This is a safe space, right? So we can all admit that we’ve brushed our teeth in the shower, at least once. Okay, maybe a couple of times. When you’re in a rush, it’s the smartest way to kill two birds with one stone.
However, while brushing your teeth in the shower might not be bad for your teeth, it could lead to other health issues.
Payal Bhalla, Lead Dentist and Clinical Director of Quest Dental explains why.
If you like your showers piping hot like me, then brushing your teeth in the shower could do serious damage to your toothbrush.
The hot water in the shower can cause the bristles of your toothbrush to soften,
which can make it less effective in cleaning your teeth. In general, we should really be brushing our teeth with an electric toothbrush.
“Whilst most electric toothbrushes are waterproof, I wouldn’t recommend submerging them in water as it could damage the mechanism and bristles,” Bhalla says.

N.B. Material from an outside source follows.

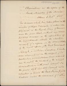 (11) Hastings to the 'Membres du Corps Executif en Gréce (sic)' . Perseverance steam vessel, Napoli de Romania, 15 September 1826.

Yes, brushing your teeth in the shower can save you some time in the morning but it’s not the most hygienic task.
“Sharing the same water source for brushing your teeth and cleaning your
body can lead to the transfer of germs from other parts of your body to your mouth,” Bhalla explains.

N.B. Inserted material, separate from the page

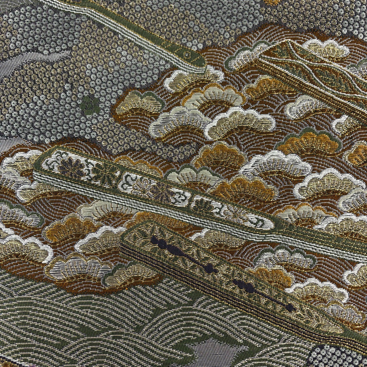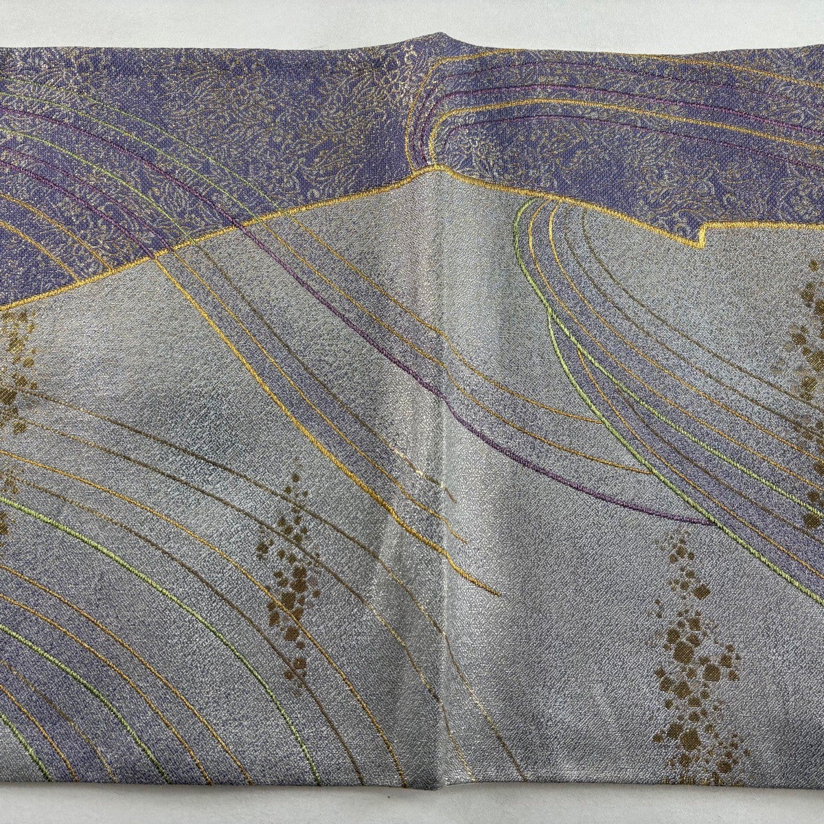 50%OFF 名古屋帯 秀品 流水 箔 金糸 銀色 正絹 K50

This in turn could compromise your immune system and lead to unwanted illness.
Bhalia says that “the showerhead can harbour bacteria, and when you brush your teeth under the showerhead, you may be exposing your toothbrush to those bacteria, again increasing your likelihood of illness.”

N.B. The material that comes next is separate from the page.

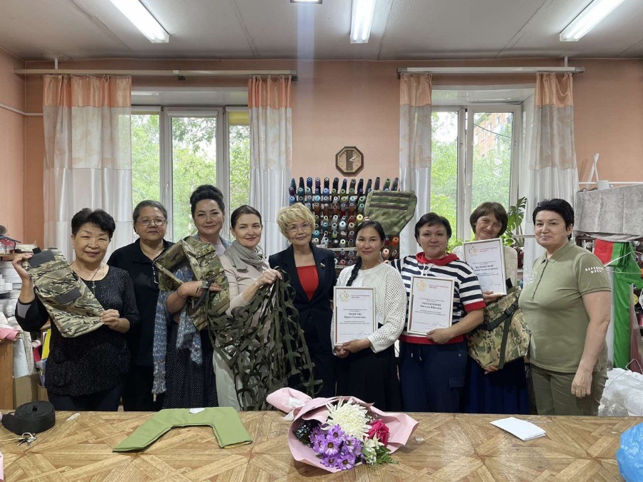 Все члены волонтёрской команды шьют на дому, а носилки собирают в цеху магазина тканей, на большом двухметровом щите. Эвакуационную стропу изготавливает подруга Натальи Юрьевны, она сапожница. Часть готовых изделий забирают бойцы, которые приезжают в Туву в отпуск, они их хвалят и говорят, что им защита пригодилась ни раз.

Additionally, if you share the shower with someone else, there is a risk of cross- contamination.
“Water and toothpaste can make the shower floor slippery, which can increase the risk of falls and injuries,” Bhalia says.
Can I leave my toothbrush in the shower?
You really shouldn’t be leaving your toothbrush in the shower for hygiene reasons. “As moisture in the shower can create an ideal environment for bacteria to grow,” Bhalia explains.
Leaving your toothbrush in the shower can expose it to bacteria that may be present in the shower. “Bacteria can build up on your toothbrush and potentially lead to oral health issues,” says Bhalia.
You should store your toothbrush in a dry, clean place and away from potential
sources of contamination, such as the toilet or sink. Bhalia also says that “it’s best to replace your toothbrush every three to four months or sooner if the bristles become frayed or worn.”
But doesn’t it save water?
You might think you saving water when you brush your teeth in the shower but it’s not really the most effective way to conserve water.
“While brushing your teeth in the shower, you may end up using more water than necessary. For example, if you leave the water running while you brush your teeth, you may waste a significant amount of water,” Bhalia says.
On the other hand, if you turn off the water while you brush your teeth in the shower, you may end up using less water than you would at the sink.
“A more effective way to save water while brushing your teeth is to turn off the faucet while you brush at the sink,” Bhalia says.